Pour que la prospérité et la justice sociale puissent encore s’incarner dans le modèle européen, il est fondamental de privilégier la croissance, l’augmentation de recettes fiscales en faveur d’emplois et de services publics de qualité, mais également la lutte contre la fraude fiscale.
Parallèlement, même si les politiques sociales constituent des prérogatives nationales, Bruxelles doit s’impliquer dans le partage de bonnes pratiques et par ricochet, ouvrir le débat sur les initiatives comme l’allocation universelle récemment adoptée par la Finlande et les Pays-Bas.
Tant les récents attentats que la crise des réfugiés ont détruit un des derniers acquis fondamentaux du rêve européen : la liberté de circulation des personnes. Plutôt que de sous-traiter l’accueil des réfugiés à la Turquie au mépris des droits fondamentaux les plus élémentaires, il est urgent de mettre sur pied une politique d’asile commune, de créer des corridors humanitaires et de lutter contre les filières mafieuses de passeurs.
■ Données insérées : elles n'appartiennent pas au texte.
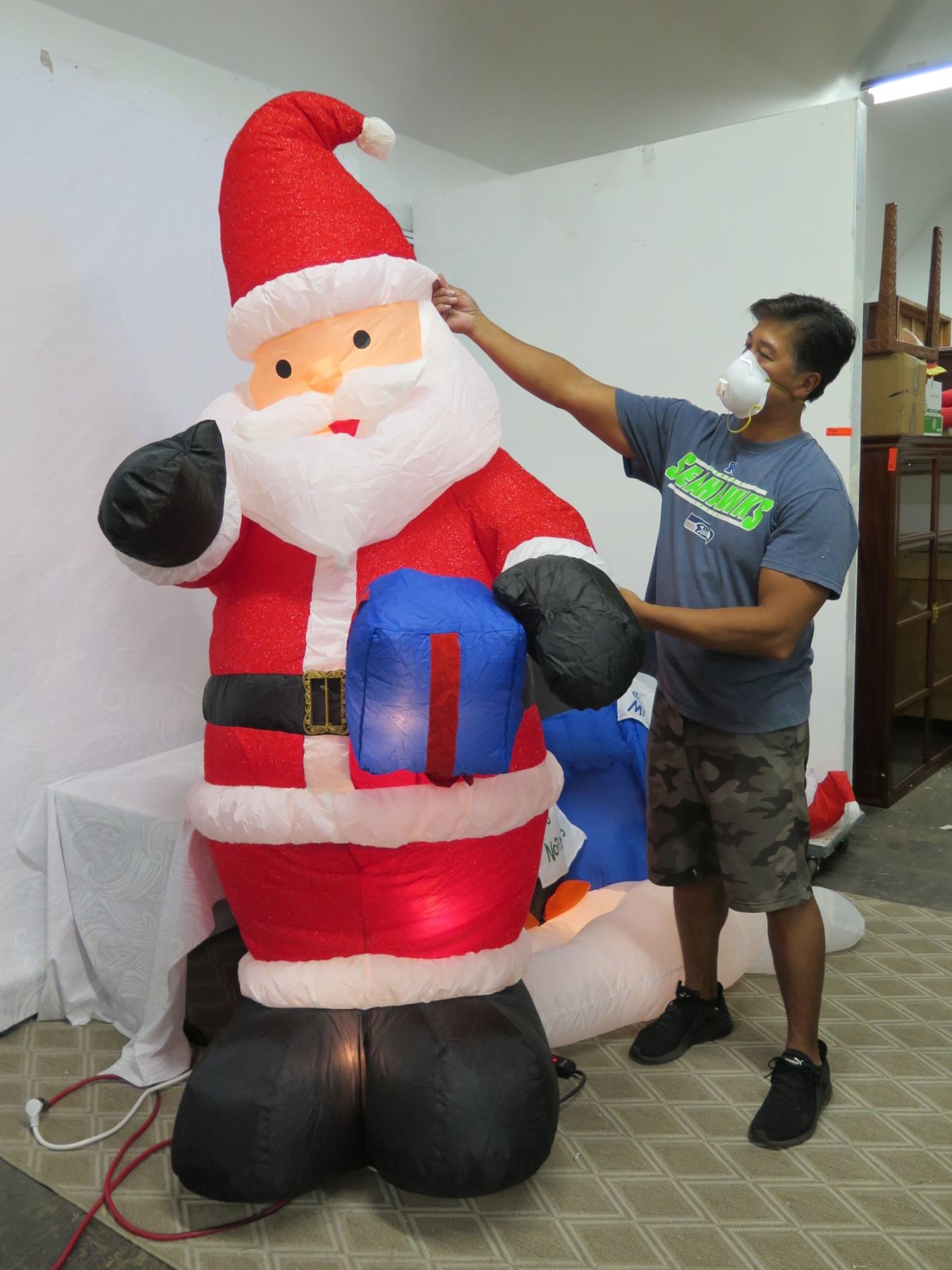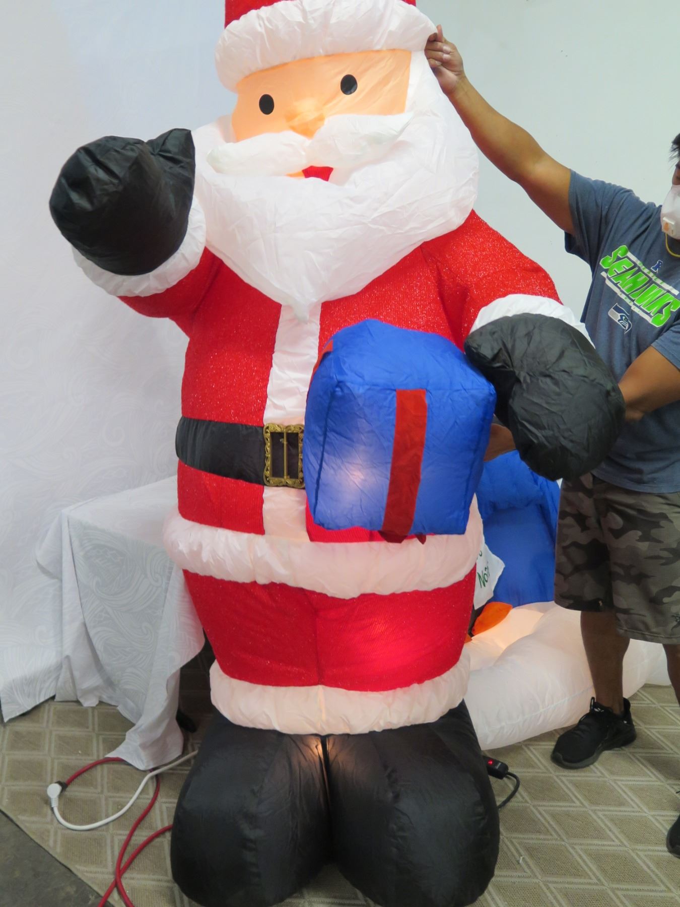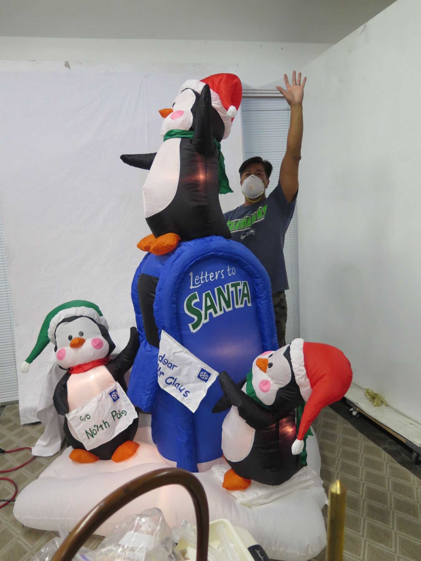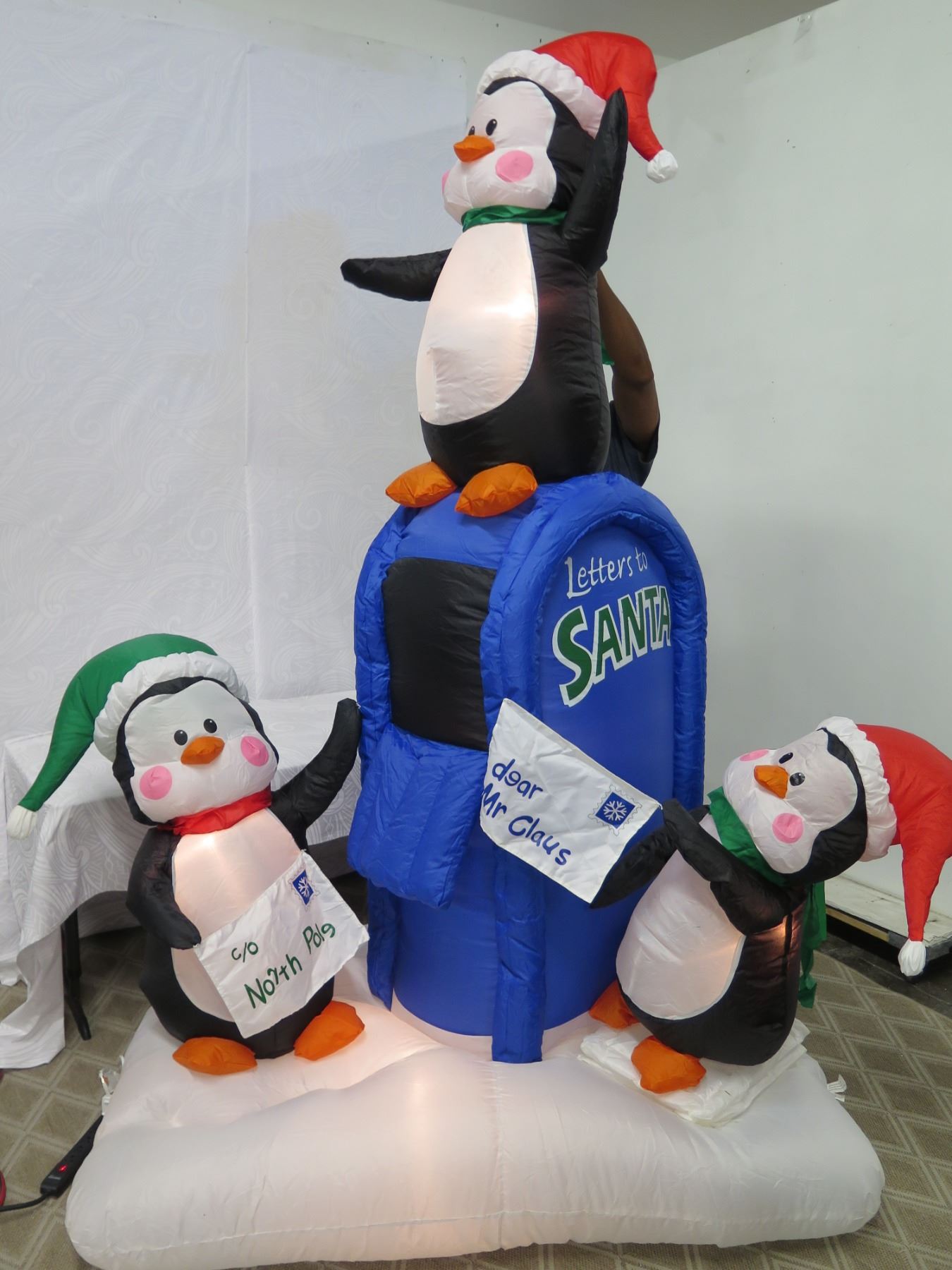 Life-Size Air Blown Santa & Penguins on Mailbox Yard Decorations

De même, en matière de lutte contre le terrorisme, la mise en œuvre d’un Parquet européen, prévue par le traité de Lisbonne, permettrait de lutter de manière coordonnée contre un phénomène transfrontalier.
Le rêve européen est né d’une envie d’être ouvert aux autres cultures, aux voisins anciens ennemis devenus amis, à ceux qui de l’autre côté du rideau invisible étaient européens par leur culture et leur Histoire. Le rêve européen, c’était promettre la paix, la prospérité et le mélange des idées et des êtres sans les frontières dessinées au fur et à mesure des guerres.
Alors ce 9 mai, je ne me satisfais ni de la résignation de Messieurs Juncker et Schulz ni des mauvaises consciences rapidement soulagées par un prix offert au Pape.
Ce 9 mai, j’ai envie d’une Europe debout, qui refuse le sort réservé aux réfugiés, parqués dans des camps en Grèce et en Turquie, une Europe debout qui refuse la mise à mort financière de la Grèce aux profits d’impératifs économiques.
Démocrates, curieux, critiques et européens, nous refusons de voir l’Europe devenir un bouc émissaire pour des campagnes politiques nationalistes à la vue courte ou de stratèges d’appareil aux ambitions donquichottesques.
L’Europe doit être protégée, défendue, elle est un rêve pour tous ceux qui fuient la barbarie, la faim et la guerre. Elle est un rêve pour ceux qui aiment la liberté. Elle est aussi le seul ensemble capable d’assurer énergie, emploi, éducation et stabilité aux peuples qui l’habitent. Elle est notre rêve commun, bien plus que notre marché commun.